OIG - Office of Inspector General

03/26/2026 | Press release | Archived content

Medicare Home Health Agency Provider Compliance Audit: VNS Health

Why OIG Did This Audit

  • In calendar year 2023, Medicare paid home health agencies (HHAs) about $16 billion for home health services provided to about 2.8 million people enrolled in traditional Medicare. In that year, nearly 10,000 HHAs participated in Medicare.
  • CMS determined through its Comprehensive Error Rate Testing program that the 2023 improper payment error rate for home health claims was 7.7 percent, or about $1.2 billion.
  • This audit report, part of a nationwide series of home health audits, examined whether VNS Health complied with Medicare billing requirements.

What OIG Found

For the audit period (July 1, 2020, through June 30, 2022), VNS Health complied with Medicare billing requirements for 84 of the 100 sampled home health claims we reviewed. For the remaining 16 claims, VNS Health incorrectly billed Medicare. Specifically:

  • Twelve claims did not meet billing and coding requirements.
  • Four claims did not meet face-to-face encounter requirements.
  • Two claims did not meet plan of care requirements.

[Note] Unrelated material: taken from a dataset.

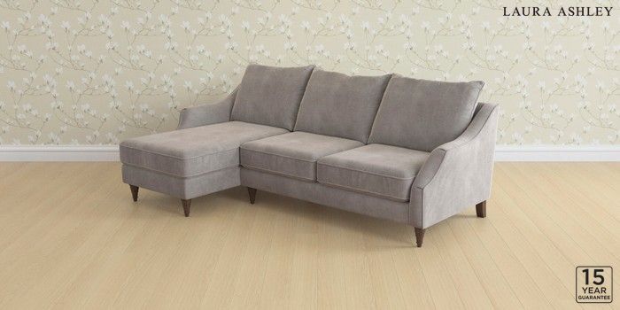 6.12.1 Buy Beverley by Laura Ashley Medium Sofa Chaise - Left Hand Orla Pale Steel Grey Low Turned - Chestnut from the Next UK online shop Click here to use our accessible website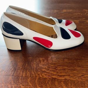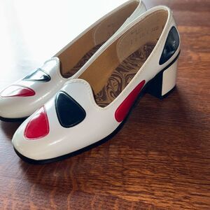 White patent faux leather with teardrop patchwork design. Well made with psychedelic footbed pattern. Square toe, block platform heel. Women’s size 7B

The total exceeds 16 because 2 claims contained more than 1 error.

Based on our sample results, we estimate that, of the $191,954,445 in Medicare payments covered by our audit, VNS Health received overpayments of at least $2,965,484 for the audit period.

What OIG Recommends

We made three recommendations to VNS Health, including that it (1) refund the $2,965,484 in overpayments to the Medicare program, (2) consider conducting one or more internal audits or investigations for claims after our audit period based on the risks identified by this audit to identify any similar overpayments the provider might have received and return any identified overpayments to the Medicare program, and (3) strengthen its review of medical record documentation to ensure compliance with Medicare billing requirements.

VNS Health did not concur with any of our recommendations, but it agreed to repay a portion of $12,606 in actual overpayments associated with five claims that resulted in errors.